# Marked share?



## MetalMarianne

Translating from English to Spanish.
It´s a Norwegian who wrote the text, he doesn´t write that good and then I stumble upon this:

The marked share of Company X is for the same period shows a relatively small reduction from 29 % in 2004 to 26 % in 2006. Company Y has been the main looser going from above 51 % in 2004 to 30 % marked share in 2006.


I would erase that first "is" - but then... marked share?

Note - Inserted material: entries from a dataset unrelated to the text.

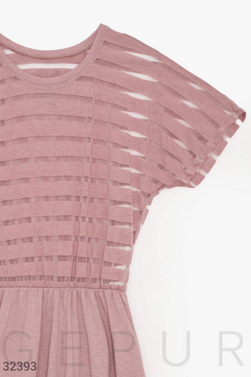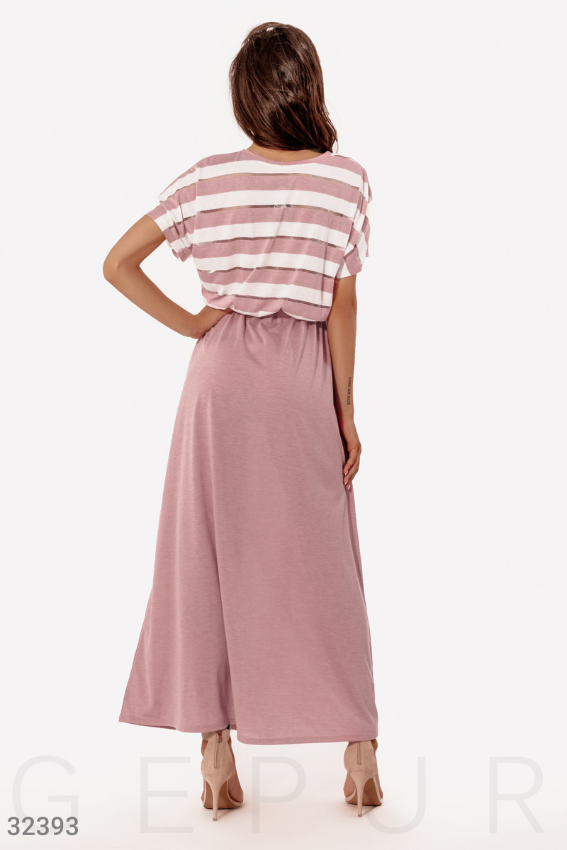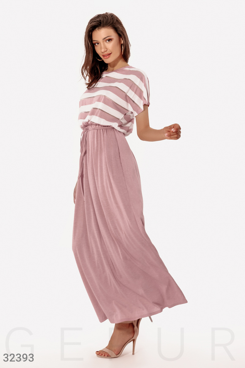Платье-макси с тонким съемным поясом, выполненное из мягкой ткани: круглый вырез, цельнокроеный рукав, верх дополнен прозрачными горизонтальными вставками, эластичный пояс и расклешенная однотонная юбка с двумя прорезными карманами по бокам.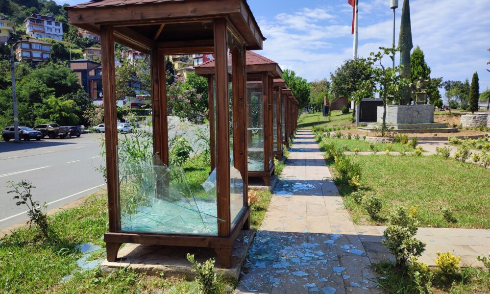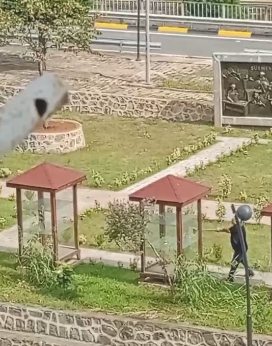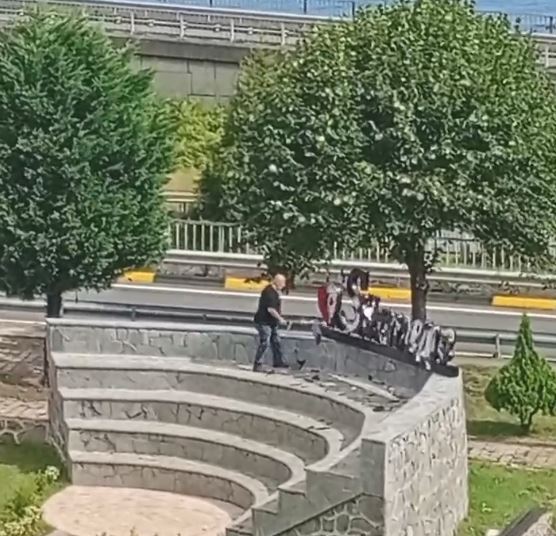 Olay, sabah saatlerinde Sürmene ilçesindeki sahilde yer alan Bıçak Tanıtım Parkında meydana geldi. Parka gelen E.C., bilinmeyen nedenle elindeki balyozla Sürmene yazılı elektrikli tabela ve hediyelik eşya ürünlerinin sergilendiği vitrin camlarını balyozla kırdı. İhbarla olay yerine gelen polis ekipleri, şüpheliyi gözaltına aldı. Balyozlu saldırı, cep telefonu kamerasına da yansıdı.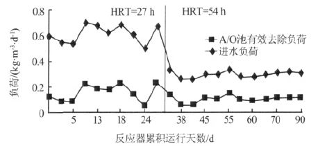 進水負荷對去除負荷影響的實驗結果如圖 2 所示。進水負荷與二級A/O 的有效去除負荷呈現相同趨勢。在反應器運行的前35 d,進水負荷波動較大,進水負荷基本在0.5~0.8 kg/(m3·d),而二級A/O的有效去除負荷都基本保持在0.2 kg/(m3·d),說明該反應器易于啟動,并在很短的時間內穩定運行。從35 d 以后,進水負荷從0.6 kg/(m3·d) 降到0.3kg/(m3·d) 左右,但二級A/O 有效去除負荷只降了0.1 kg/(m3·d),并且基本保持很長的一段時間,說明在腈綸廢水中存在一定的難降解有機物,降低進水負荷或延長反應器運行時間都對其作用不大〔6〕。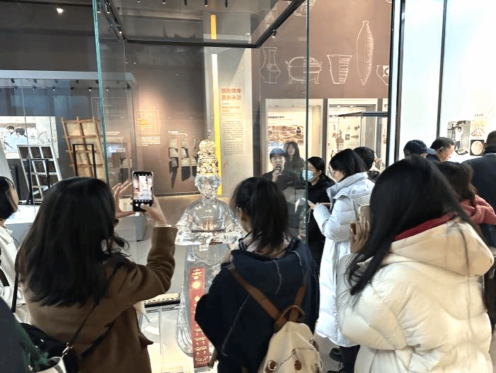 “考古发现篇二”展馆展示了唐、宋时期的丰富文物,有栩栩如生的雕塑、珠光宝气的首饰、陪葬用的三彩雕塑、琳琅满目的耀州窑青瓷等,全面展现了当时的美术、墓葬、天文、音乐等方面的文化艺术成就。讲解员以唐宗室女李倕的头冠为例讲解了当时的饰品文化,解读了每个部位上各种首饰的内涵,使同学们大开眼界。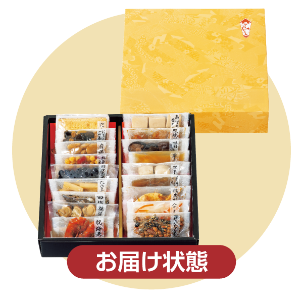 田作り、丹波黒黒豆、里芋含め煮、たたきごぼう、にしん一口巻昆布、栗きんとん、味付しいたけ、穂先竹の子、なます、焼ほたて、だし巻、手綱こんにゃく、高野豆腐含め煮、祝海老、紅白豆マリネ、白福豆、照焼つくね、ぜいたく煮 計18品目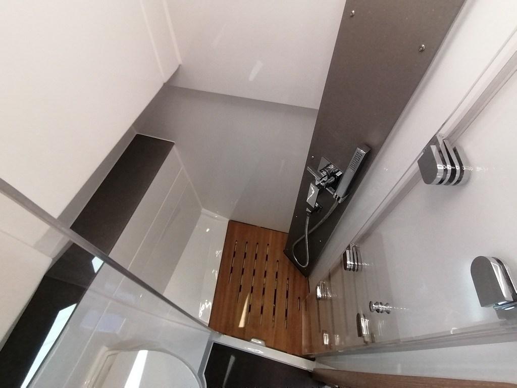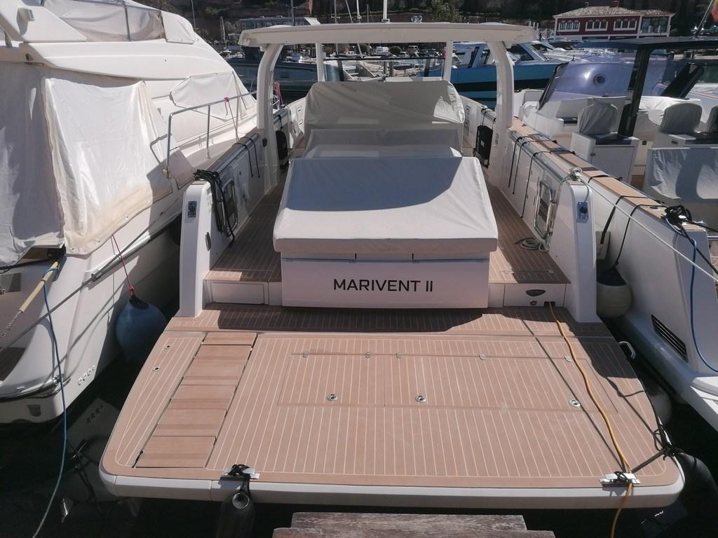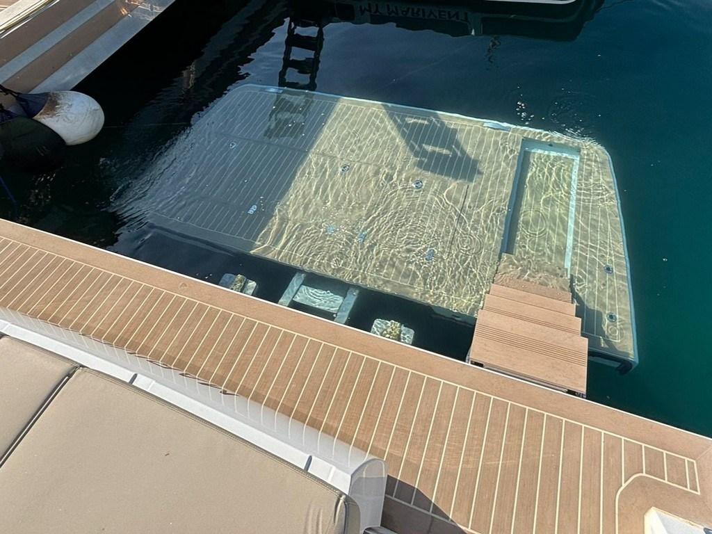 Allarme motore, Allarme sentina, 2 Alternatore, Aspirazione dal Ponte delle Acque Sporche, Auto Dynamic Trim Interceptor (with Auto trim, List and Coordinated Turn), Autoclave, 4 Batterie (x160Ah AGM service bank), 8 Bitte Abbattibili, Bocche di Lupa, Caricabatterie (Mastervolt), Cavo corrente di banchina, Doccia esterna, 2 Flap di assetto, Impianto antincendio (fire buoy), Lavandino nel Pozzetto, Luci di cortesia (Indirect light package: multicolour on handrails on side deck and sunbed and white colour on dashboard), Luci subacquee (multicolor), Monitor batteria (Mastervolt), 8 Parabordi, Passerella (telescopic hydraulic), Piattaforma (extended hydraulic tender lift), 2 Pompa di sentina automatica, 3 Pompa di sentina elettrica, Pompa di sentina manuale, Ponte in teak (Flexiteak), Ponte in teak (synthetic Flexiteak), Porta ingresso (sliding), 2 Presa 220V banchina, Salpa Ancore Elettrico, Scaletta da bagno (foldbale), Stabilizzatori (Quick gyro (12V or 230V)), 2 Tavolo pozzetto, 2 Tientibene con cancelletti, Tromba, T-Top (Full beam T-Top with windshield frame and wiper cover).
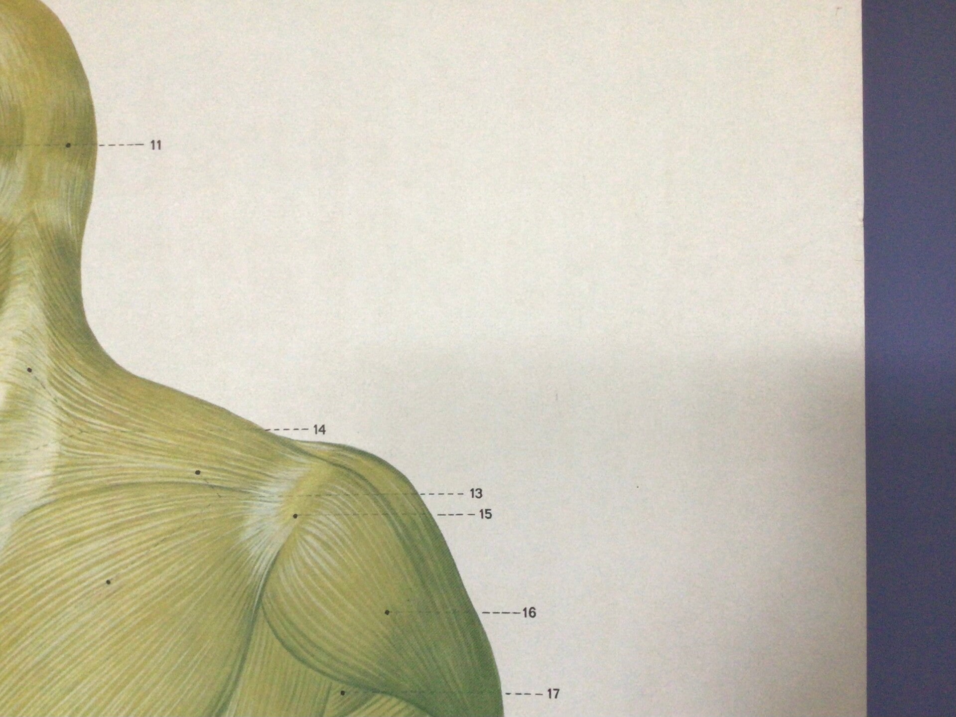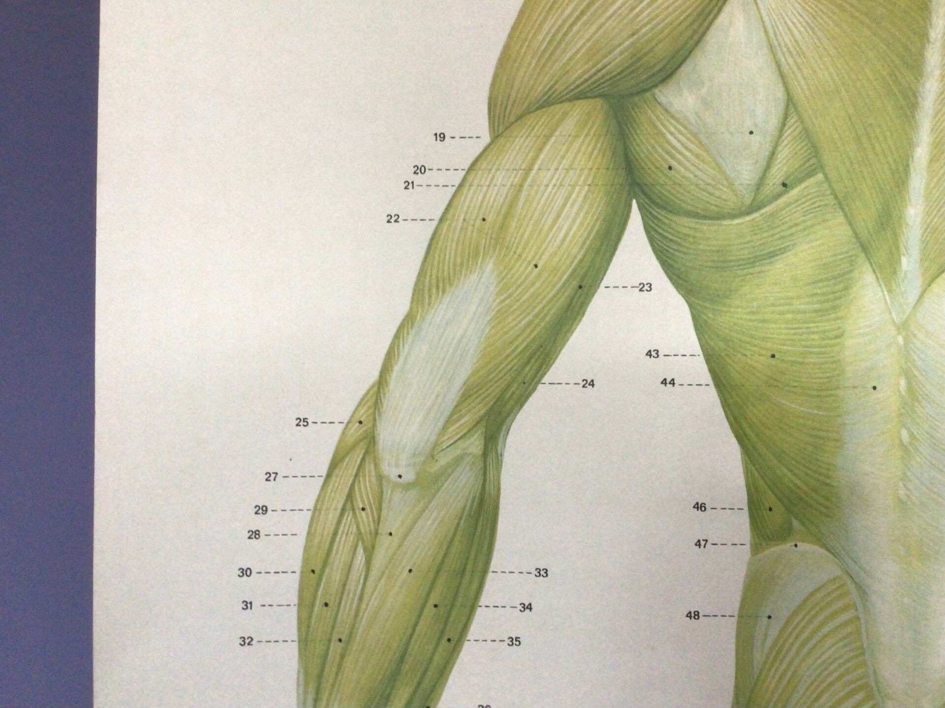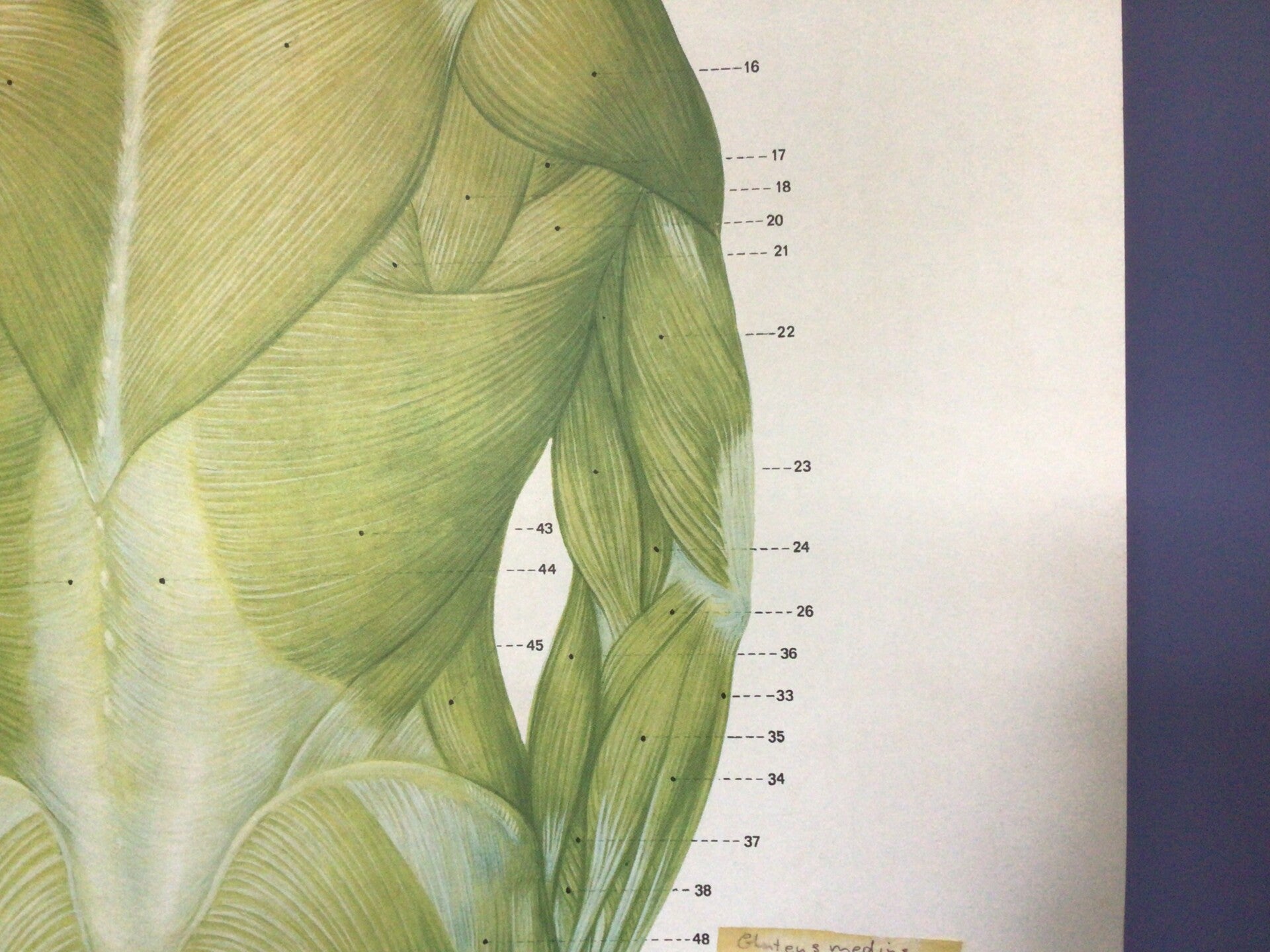 De kaart verkeert in goede staat. Een ijverige docent heeft de namen van de spieren erbij gezet.

Already googled for it and found it just once, again, in a document written by a Norwegian. If any Norwegian here... is it some direct translation?

Please some help with it!

Thanks!


----------



## germinal

MetalMarianne said:


> Translating from English to Spanish.
> It´s a Norwegian who wrote the text, he doesn´t write that good and then I stumble upon this:
> 
> The marked share of Company X is for the same period shows a relatively small reduction from 29 % in 2004 to 26 % in 2006. Company Y has been the main looser going from above 51 % in 2004 to 30 % marked share in 2006.
> 
> 
> I would erase that first "is" - but then... marked share?
> 
> Already googled for it and found it just once, again, in a document written by a Norwegian. If any Norwegian here... is it some direct translation?
> 
> Please some help with it!
> 
> Thanks!


 
Perhaps this should be market share, i.e. the share of the total market achieved by a company.  

.


----------



## abeltio

Got to be markeT


----------



## Iararo

Market share: participación de mercado


----------



## nsv

- because 'marked' is the norweigan word for the english 'market'


----------



## megane_wang

... then market share: *cuota de mercado *


----------



## Iararo

In Argentina we say "participación de mercado", not cuota


----------



## megane_wang

Ok, then, Iararo.

Let's let others know that _in Spain_ we say *Cuota de mercado *and let the readers decide what is appropriate for their target audience.

Saludos


----------



## MetalMarianne

nsv said:


> - because 'marked' is the norweigan word for the english 'market'




Thanks nsv for confirming what I suspected.


----------



## MetalMarianne

In Chile we would also say "participación de mercado", being "cuota de mercado" also understandable but little weird to the average reader.

Thanks to you all!


----------